As the years stand still…they babble. Incessantly. Text messages and emails and voices into little mobiles stuck in their ears and blogs and twitters and facebooks and youtubes and newscasts and talk shows and press conferences and chit-chatter as they walk in the streets and shop in stores and eat&drink, as they chatteringly demystify intimacy by making sex not love. They babble, hardly hear, barely listen, remember little. Only the born-deaf among us stay ahead of the struggle to be free in their own privacy. Only they can truly ‘read’. Only Helen Keller understood life in the present, what Siddhartha meant by: “those who live in the past have no future and those who live in the future do not live.”
The arc of the Seasons of Art: from the first hand-print on a cave wall to the astonishment of ancient Greece and Rome and Asia to the unbounded possibilities of the Renaissance to the Age of Elegance to the Age of Reason to the Age of Invention to the Age of whatever the 20th century was to the Age of Babble, the Winter season of undefined art.

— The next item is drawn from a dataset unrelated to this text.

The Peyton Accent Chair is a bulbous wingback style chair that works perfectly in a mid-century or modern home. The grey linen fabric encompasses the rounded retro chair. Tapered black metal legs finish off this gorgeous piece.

At least 90% of the humans on this planet (maybe more) have never seen or touched a painting, a stretched canvas with images on it in oil or acryllic or charcoal. They see only photos - digitized, pixelated images of... painted images. The photos of paintings are not paintings!

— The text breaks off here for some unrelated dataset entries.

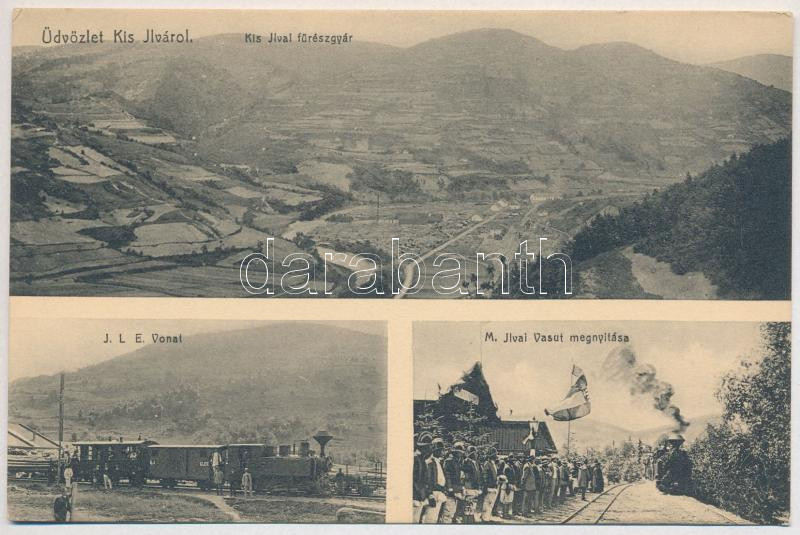 Kisilva, Ilva Mica; Kis-Ilvai fűrészgyár, I.L.E. vonat, M. Ilvai vasút megnyitása, vasútállomás, magyar zászló, gőzmozdony. Atelier Häusler (Bistritz) / sawmill, industrial railway, train, opening ceremony of the railway station with locomotive and Hungarian flag (EK)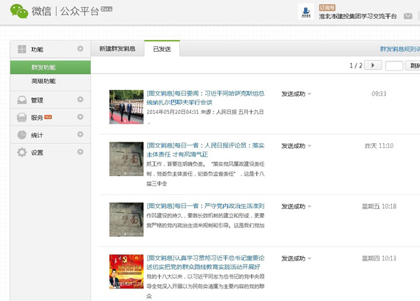微信平臺共開設(shè)7個板塊:時政要聞、群教專題、黨風(fēng)廉政、集團動態(tài)、每日一警、每日一省、每日一學(xué),通過微信以圖文、音頻、視頻等形式,第一時間傳達(dá)上級精神要求,及時傾聽群眾呼聲,用更直接、更喜聞樂見的方式宣傳黨的群眾路線教育實踐活動,微信平臺的親和力和互動性,有效拉近了黨群干群關(guān)系,促進(jìn)了干部群眾的工作熱情。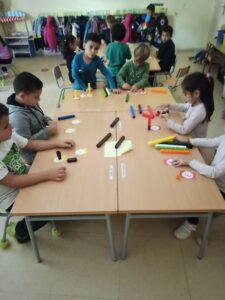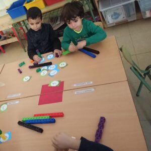 A la classe de P5 juguem i aprenem matemàtiques a través de la manipulació de materials. Amb ells aprenem a:

Less for music though recordings dissolved the experience a long time ago. Less for printed books, the loss of tthe intimate experience of conversations with writers. Film, and what is now called video, the great art form of the 20th century is becoming the great babbling experience, the primary carrier of the Winter of Art as undefined, as monochromed and undefined as a winter landscape.
Every time I revisit the film, Children of Men, I am heart-struck by Alfonso Cuarón’s menacing vision of life in a flooded, suffocating land—a landscape wet, covered with residual mud, a blue-grey landscape inhabited by mud-people, who no longer can hear their own thoughts, who are suffocating in a dissolving world and like dying fish are frantically trying to pierce the surface for a gasp of air, for the sound of their own names. It is a coldly frightening, almost intolerable view of a tolerated reality. It is Kubrick’s “2002” and Mallick’s “New World” and Scott’s “Kingdom of Heaven” and Edvard Munch's "The Scream."

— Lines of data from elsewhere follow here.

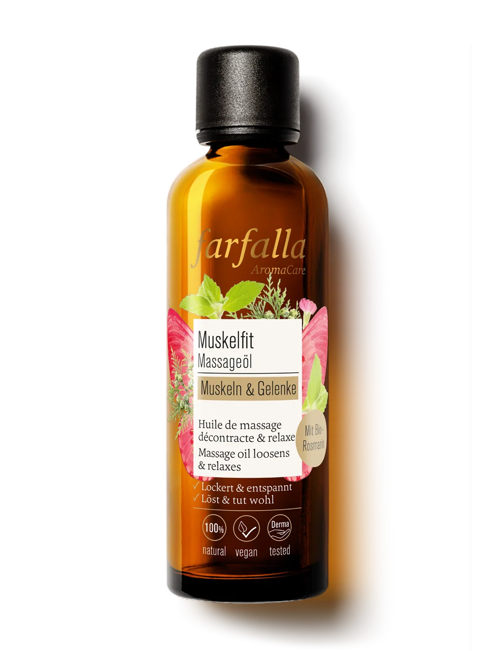 Muscle & Joints Muskelfit Massage Oil by Farfalla is a natural aromatherapy massage oil developed for body massage. Its blend of plant-based oils and essential oils supports a pleasant massage experience and contributes to overall wellbeing.
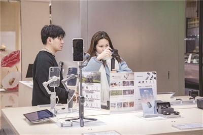 据大疆门店负责人介绍,近年来,随着无人机技术的不断发展和价格的逐渐亲民化,越来越多的消费者开始接触并喜爱上航拍。同时,小巧轻便的口袋相机也受到不少年轻人的青睐,成为热门选择。记者 徐帆 文/摄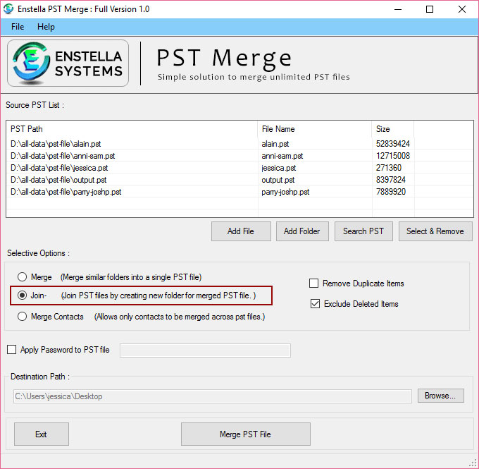 Click the Join Redio button that allow user to join PST files by creating new folder for merged PST file:

In his film, Cuarón acquires the status of a visionary filmmaker and all the artistry that goes with it. As in the apocalyptic visions of Aldous Huxley and George Orwell, Cuarón sets his image in England, that persevering bastion of civilization, healthy or sick, which at a time of Earth-shattering catastrophe offers the only home for reasonable human survival. Cuarón’s England, whose language has become a polyglot of world tongues, is now reduced to an unrelenting, 24-hour-a-day babble: police-state government babble, enterprising commercial babble, insane political babble, babbling people who cannot close their mouths or still their voices for fear that the lights will go out in their eyes. It is an image of a freezing world that has lost the rule of law and the balance of human rights, whose only hope is in the belly of a young woman, who doesn’t know how that hope got there.
A dream?... or a familiar view of the horizon of our ungovernable planet as it disintegrates after 600 years of disappearing resources, the result of an uncontrolled, overwhelming explosion of population, lack of understanding, refusal to understand, a mushroom of babble that culminates in one arrogant phrase: “Good night and good luck!”?
Unbearable? Depressing? No, I don’t think so. Think of Helen Keller and Siddhartha. Think of nonvocal music and nonverbal dance. Think of the silence of mother-evolution. Think of the silence in the loving eyes in which you can see yourself and all the colors of the sea.